At a board meeting on Tuesday, Tata Sons deferred a decision on Chandrasekaran's continuation, signaling potential differences within the holding company of the salt-to-software conglomerate.
It is learnt that Tata Trusts Chairman Noel Tata had set several conditions for Chandrasekaran's reappointment, leading to the postponement. He reportedly raised concerns about losses in certain group companies, including Air India, and highlighted risks associated with heavy capital expenditure in semiconductor and battery ventures. He is also understood to have sought assurances that Tata Sons would not pursue a stock market listing.
"This definitely raises questions about the validity of the unanimous resolution passed by the trustees of Tata Trusts last year, which recommended a third term for Chandrasekaran," a person familiar with the matter said, adding, "Can a nominated director of Tata Trusts go against the unanimous decision of the trustees?"
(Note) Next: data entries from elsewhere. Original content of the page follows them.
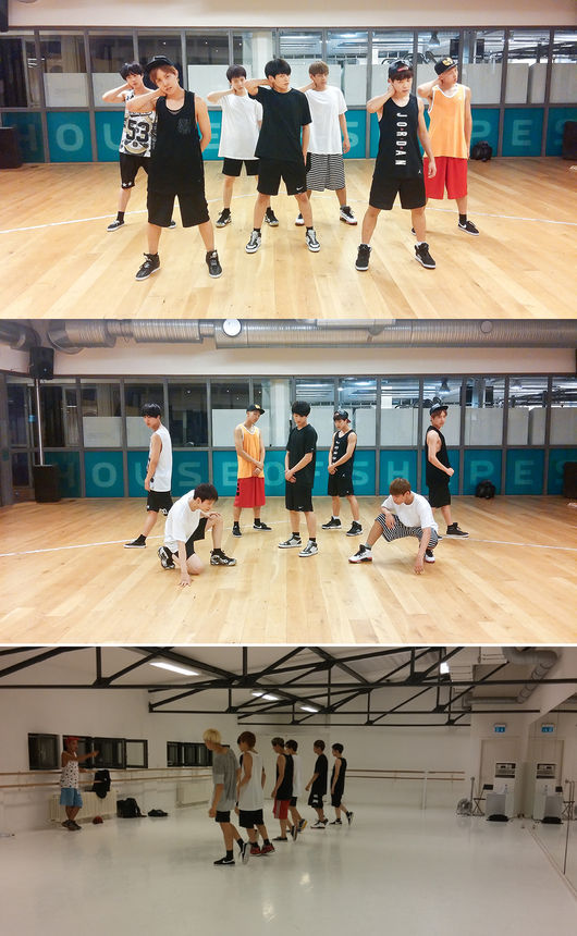 소속사 빅히트엔터테인먼트는 공식 SNS를 통해, 7월 말 독일과 스웨덴에서 열린 팬미팅 종료 후, 현지 연습실에서 촬영한 사진을 게재했다.
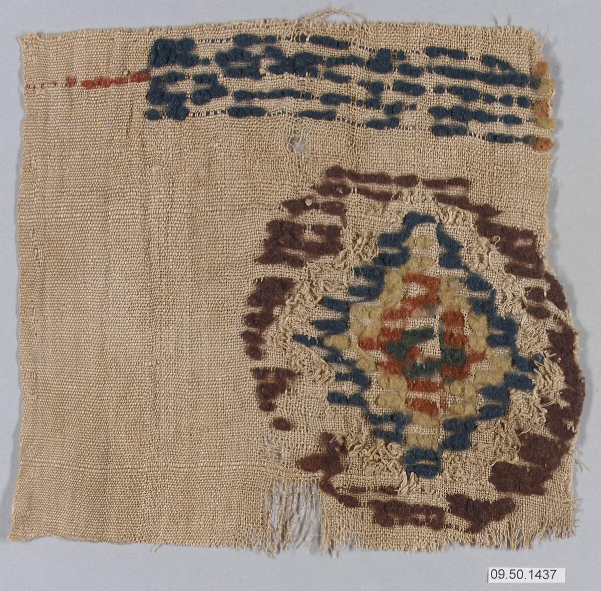 - Medium: Linen, wool; tapestry weave, looped embroidery
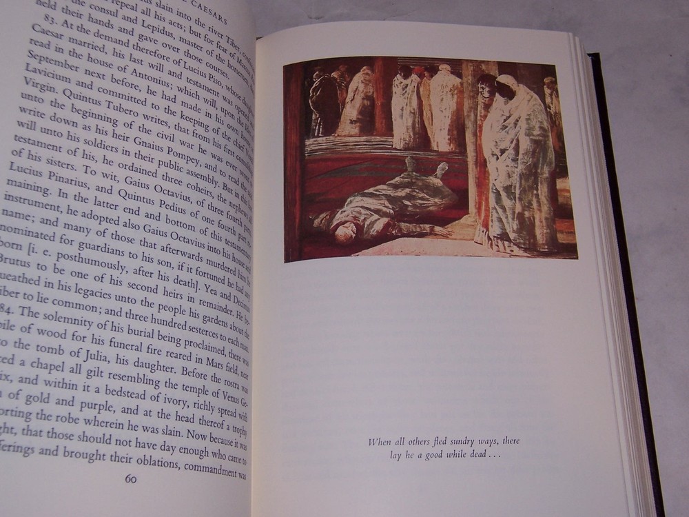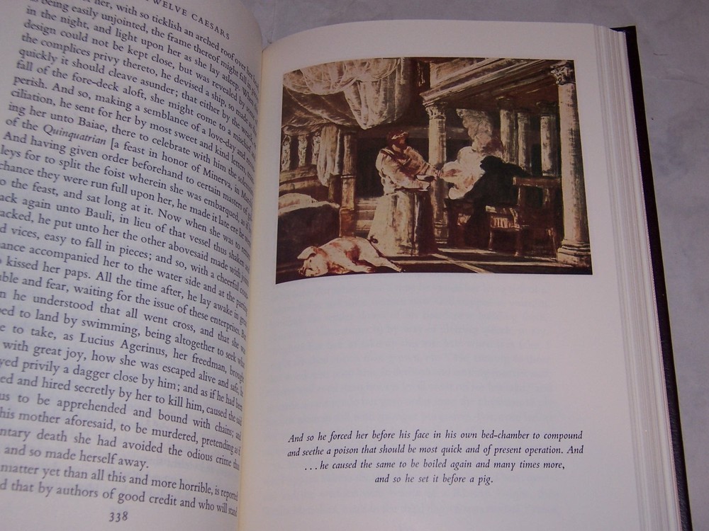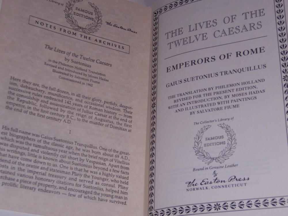 Collector's Library of Famous Editions Easton Press LIVES OF TWELVE CAESARS : Emperors of Rome by Gaius Suetonius Tranquillus, the translation by Philemon Holland, illustrated with the paintings by Salvatore Fiume Dark brown leather hardcover with unique design with Collector's Notes sheet do not miss this great deal Copyright by The Easton Press hubbed spine, bound in premium full leathers distinctive cover design, beautiful illustrations handsome, readable typefaces, permanent satin ribbon page marker elegant gilded page edges, endsheets of rich moire fabric thread-sewn pages for durability and strength, long-lasting high quality, acid-neutral paper CONDITION DESCRIPTION: Like new and unread condition, with unattached blank bookplate, shiny gold page edging, beautiful bright endleaves, and satin ribbon page marker. It is a very special books to be added to your personal collection. SHIPPING / HANDLING: Book(s) will be handled/packed very safely, and shipped via USPS media mail with delivery confirmation.
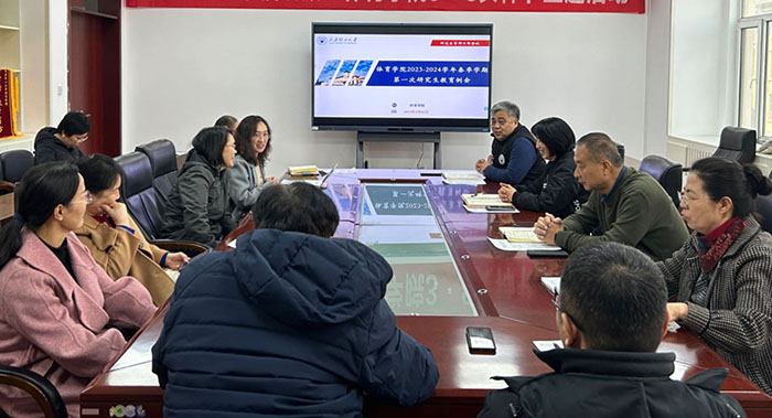 3月11日,学院召开了2023-2024学年春季学期第一次研究生教育例会,贯彻落实学校关于研究生教育工作方案,布署本学期研究生教学重点任务。会议由副院长张美珍主持,院党委书记孙莉、院长史冬博、学院全部研究生导师出席会议。
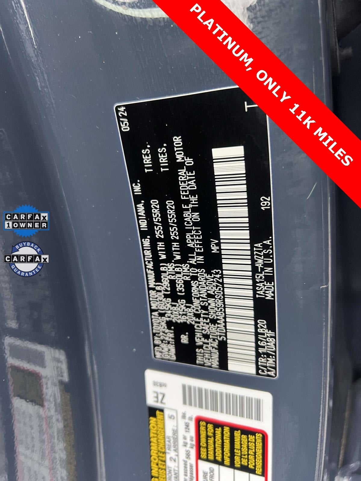Subject to the primary lender's approval. All prices exclude tax, title, dealer fee of $695, tags, license & DMV. Vehicles are sold cosmetically as is. Not all cars are certified where as many do pass the certification process, the customer does have the right to add an optional extended service agreement. 2024 Toyota Grand Highlander Platinum 7 PASSENGER, CLEAN VEHICLE HISTORY...NO ACCIDENTS, Leather Seats, Moonroof, ONE OWNER, PASSES STATE INSPECTION, REMAINDER OF FACTORY WARRANTY, SERVICE RECORDS AVAILABLE, Alloy Wheels, Ambient Light Package, Audio Package, Backup Camera, Bluetooth®, Captains Chair, Climate Package, Convenience Light Package, Convenience Plus Package, Courtesy Lights Illum Package, Customer Preferred Package, Heat Package, License Plate Front Mount Package, Light Package, Memory Package, Multimedia Package, Popular Equipment Package, Power Mirror Package, Power Package, Preferred Accessory Package, Preferred Equipment Package, Preferred Package, Premium Package, Premium Sound Package, Premium Wheels, Safety Package, Sound Package, Sunroof/Moonroof, Grand Highlander Platinum, 4D Sport Utility, 2.4L 4-Cylinder, 8-Speed Automatic, AWD, Storm Cloud, Black Leather, 11 Speakers, 3.33 Axle Ratio, 3rd row seats: split-bench, 4-Wheel Disc Brakes, ABS brakes, Air Conditioning, All Weather Floor Liners/Cargo Tray (TMS), AM/FM radio: SiriusXM, Apple CarPlay/Android Auto, Auto High-beam Headlights, Auto-dimming Rear-View mirror, Automatic temperature control, Brake assist, Bumpers: body-color, Delay-off headlights, Driver door bin, Driver vanity mirror, Dual front impact airbags, Dual front side impact airbags, Electronic Stability Control, Emergency communication system: Safety Connect (up to 10-year trial subscription), Exterior Parking Camera Rear, Four wheel independent suspension, Front anti-roll bar, Front Bucket Seats, Front Center Armrest, Front dual zone A/C, Front fog lights, Front reading lights, Fully automatic headlights, Garage door transmitter: HomeLink, Heads-Up Display, Heated & Ventilated Front Seats w/Memory, Heated door mirrors, Heated front seats, Heated rear seats, Heated steering wheel, Illuminated entry, Knee airbag, Leather Seat Trim, Leather Shift Knob, Leather steering wheel, Low tire pressure warning, Memory seat, Navigation system: Drive Connect Cloud Navigation (1-year trial subscription), Occupant sensing airbag, Outside temperature display, Overhead airbag, Overhead console, Panic alarm, Passenger door bin, Passenger vanity mirror, Power door mirrors, Power driver seat, Power Liftgate, Power moonroof, Power passenger seat, Power steering, Power windows, Radio: 12.3 Toyota Audio Multimedia w/JBL Premium, Rain sensing wipers, Rear air conditioning, Rear anti-roll bar, Rear reading lights, Rear window defroster, Rear window wiper, Reclining 3rd row seat, Remote keyless entry, Security system, Speed control, Speed-sensing steering, Split folding rear seat, Spoiler, Steering wheel mounted audio controls, Tachometer, Telescoping steering wheel, Tilt steering wheel, Traction control, Trip computer, Turn signal indicator mirrors, Variably intermittent wipers, Ventilated rear seats, Wheels: 20 Clad Alloy. Certified. AWD 8-Speed Automatic 2.4L 4-Cylinder Recent Arrival! Odometer is 8739 miles below market average! 20/26 City/Highway MPG Toyota Gold Certified Details: * Transferable Warranty * Warranty Deductible: $0 * Roadside Assistance for 7 Year / 100,000 Mile. Standard New-Car Financing Rates Available. Warranty honored at over 1,400 Toyota dealers in the continental U.S. & Canada. Trade-ins accepted. Trouble-free handling of your transaction, including DMV paperwork * Vehicle History * Roadside Assistance * Powertrain Limited Warranty: 84 Month/100,000 Mile (whichever comes first) from TCUV purchase date * Limited Warranty: 12 Month/12,000 Mile Limited Comprehensive Warranty: 12 Month/12,000 Mile (whichever comes first) from certified
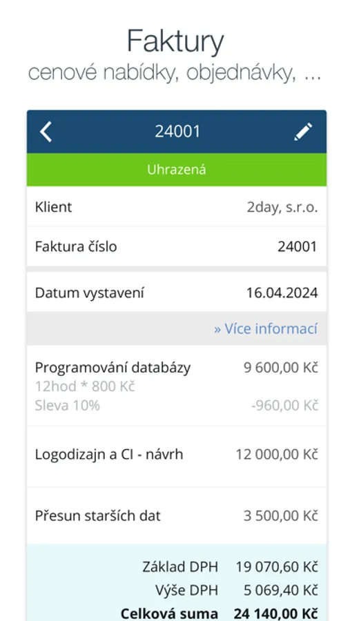 Podpora pro českou i slovenskou legislativu. SuperFaktura je řešením pro živnostníky a malé firmy, které hledají jednoduchý online ekonomický systém. Kromě faktur v ní můžete vystavovat i cenové nabídky, objednávky, dodací listy,... Mobilní verze, propojená na komplexní webovou aplikaci, vám poskytne možnost rychlého vystavení dokladu a mít přístup k přehledům aplikace.

Tata Trusts did not respond to queries on whether the resolution had been revoked or whether a nominee director on the Tata Sons board could unilaterally diverge from the trustees' decision.
However, a source with direct knowledge of the matter said the resolution "clearly stands" and was taken unanimously after due deliberation.
"What Noel Tata did was within his capacity as a director of Tata Sons and was not necessarily against the resolution of the trustees. The resolution will be implemented in due course," the source said.
Tata Trusts collectively hold a majority 66 per cent stake in Tata Sons, which controls the over USD 180 billion Tata Group with interests spanning automobiles, steel, software, aviation and emerging sectors such as semiconductors.
Last year, infighting in Tata Trusts had reached the government with the top brass of the Tata group, including Noel Tata and Tata Sons Chairman N Chandrasekaran, meeting Union Home Minister Amit Shah and Finance Minister Nirmala Sitharaman.
Subsequently, the government told the trusts to resolve the issue amicably and not let their differences spill in the public, considering the significance of the Tata Group on India's economy.
In January, a proposed board meeting of the Sir Ratan Tata Trust (SRTT), which was supposed to take up the appointment of Neville Tata, son of Tata Trusts Chairman Noel Tata, as a trustee, was cancelled, reportedly due to lack of quorum.
The cancellation of the meeting came over two months after the failure of the first attempt to induct Neville Tata on the board of SRTT, which holds 23.6 per cent in Tata Sons, the promoter holding firm of the over USD 180 billion Tata Group.
Last year in November, Neville Tata and former group company leader Bhaskar Bhat were appointed to the Sri Dorabji Tata Trust (SDTT), which owns 28 per cent in Tata Sons. However, they couldn't be appointed to the Sir Ratan Tata Trust (SRTT), which holds 23.6 per cent in Tata Sons. Other Tata-affiliated trusts own 13.8 per cent in Tata Sons.